Georgia Makes Plans to Ban Undocumented Students from Higher Education

On the heels of South Carolina, some colleges in Georgia are considering a proposal to ban undocumented students from higher education.

North Carolina also tried this in community colleges last year, realized it was losing money and repealed the ban. But the Georgia proposal is creative. University of Georgia, Georgia Tech, and other public colleges would only ban the students if the schools do not have the space to admit all academically qualified applicants.

How many undocumented students are “invading” the state of Georgia? The university system estimates that 501 students out of 310,000 attending the 35 campuses are classified as undocumented. The numbers are potentially much lower because many of these are probably United States citizens who have not submitted the required paperwork.

So lets get this one straight.
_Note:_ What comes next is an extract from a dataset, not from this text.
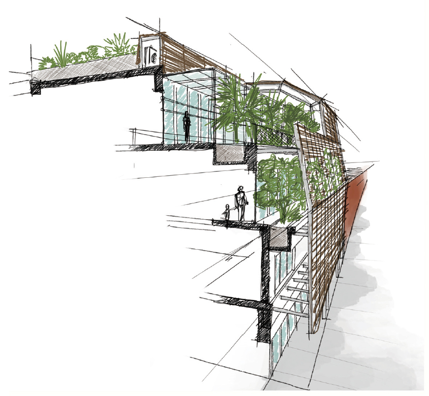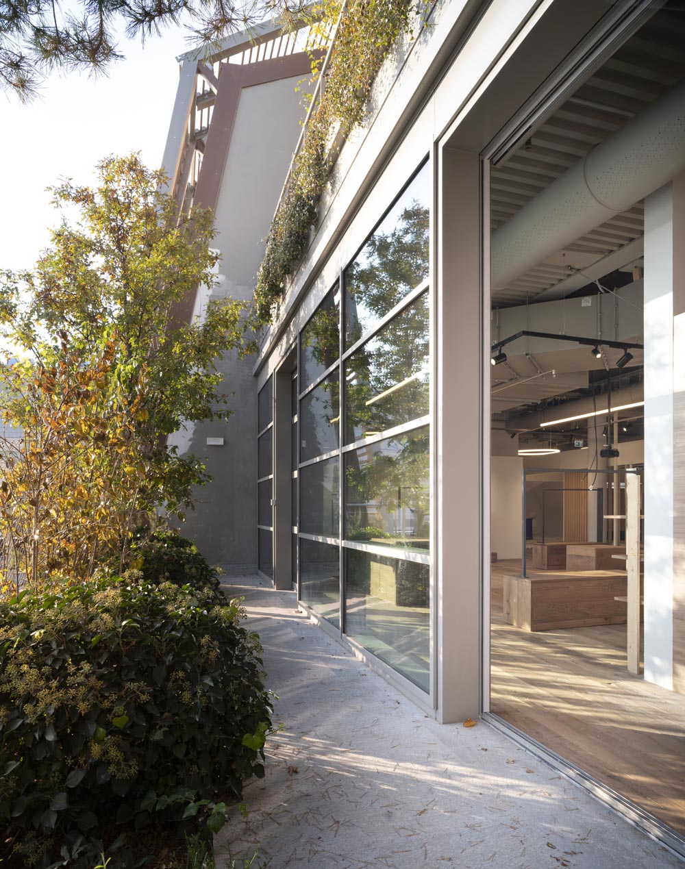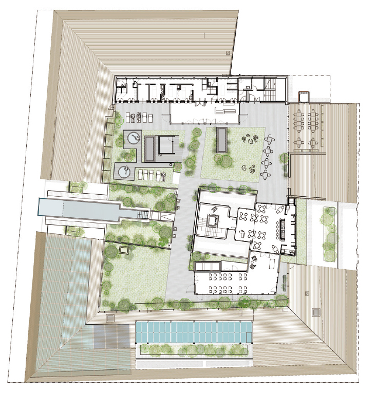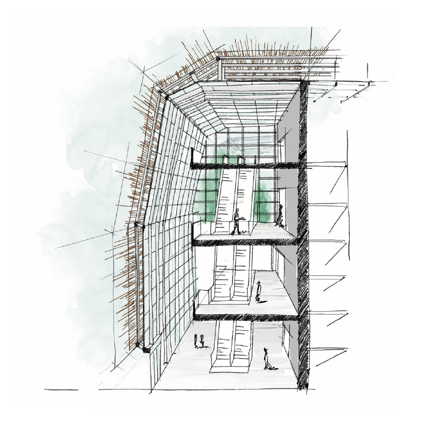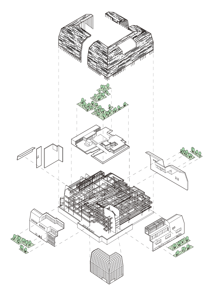 남북 방향의 볼륨은 나무가 식재된 테라스에 의해 형태가 깎이고 비워내며 녹지 공간을 남긴다. 생태 기후를 고려한 온실 지붕은 건물의 다섯 번째 정면이 되는 커다란 매달려 있는 정원이다.

The University of Georgia system is so concerned about the prospect of undocumented students taking seats away from other academically qualified applicants that they are looking into banning less than half of one percent of their students or prospective students from the system? And a committee was convened to explore this option as a viable possibility to improving access to higher education?
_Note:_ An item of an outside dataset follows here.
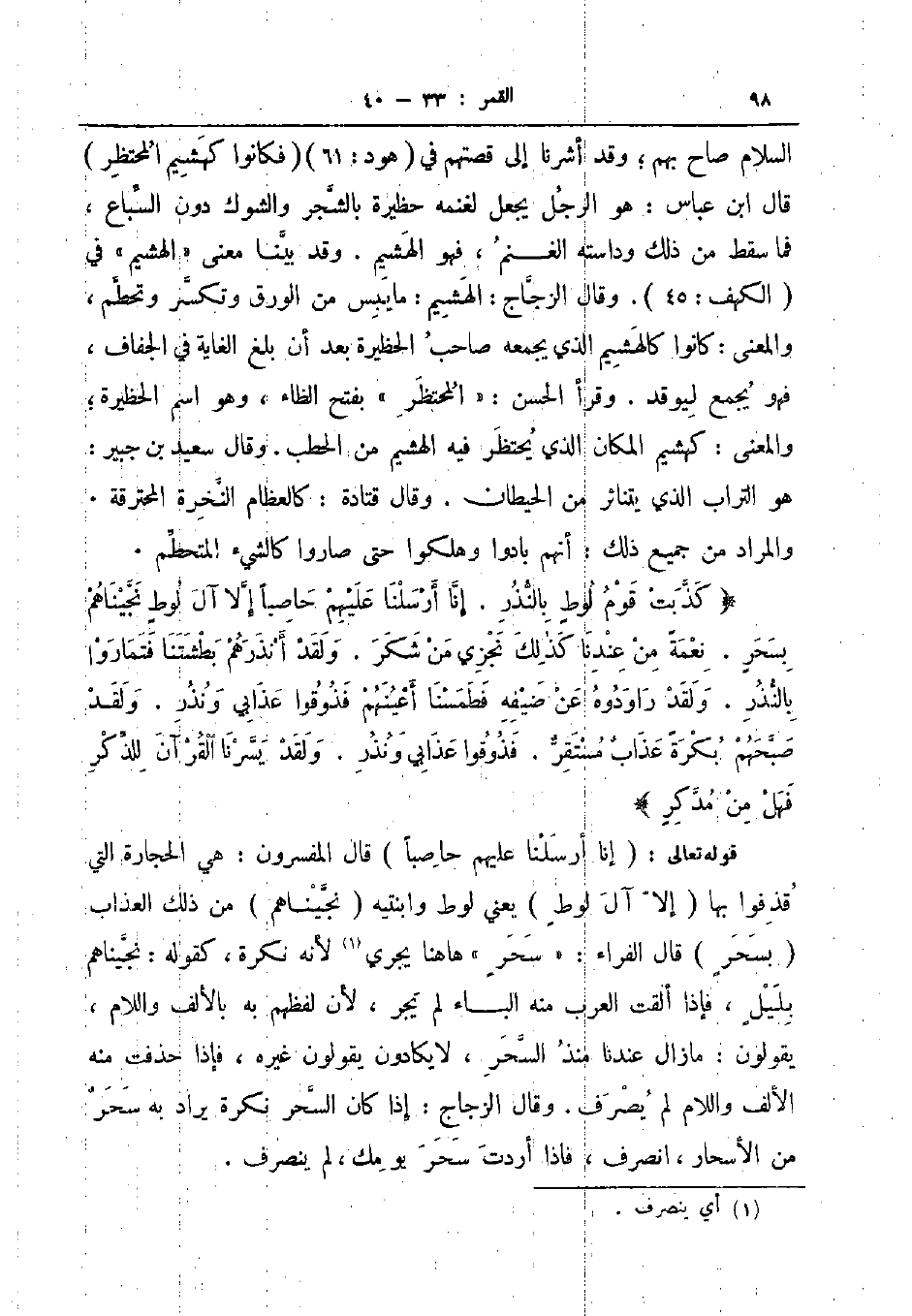قوله تعالى إنا أرسلنا عليهم حاصبا قال المفسرون هي الحجارة التي قذفوا بها إلا آل لوط يعني لوط وابنتيه نجيناهم من ذلك العذاب بسحر قال الفراء سحر ها هنا يجري لأنه نكرة كقوله نجيناهم بليل فإذا ألقت العرب منه الباء لم يجر لأن لفظهم به بالألف واللام يقولون ما زال عندنا منذ السحر لا يكادون يقولون غيره فإذا حذفت منه الألف واللام لم يصرف وقال الزجاج إذا كان السحر نكرة يراد به سحر من الأسحار انصرف فإذا أردت سحر يومك لم ينصرف

Besides the fact that the impact of undocumented students on Georgia schools is limited, there’s also a fallacy in assuming a strict divide between between having documentation and not having paperwork. Sam Chun is a junior accounting major at a University of Georgia and admits that he used to be undocumented. “I just got my citizenship when my dad got his six years ago. I was like everybody else playing around as a kid and studying like everybody else, so just a document didn’t really separate me as a person from everybody else. The school should give a chance for those that don’t have the privilege to be educated.” How can anyone possibly say that students like Chun should be denied a chance to access higher education?

It’s unfortunate that those entrusted with improving access to higher education in Georgia are taking the view that excluding certain students is the way to serve Georgia better. It doesn’t make sense. If there’s not enough space for equally qualified students, bring in another chair. If that doesn’t help, build another school. At the end of the day, education is an investment.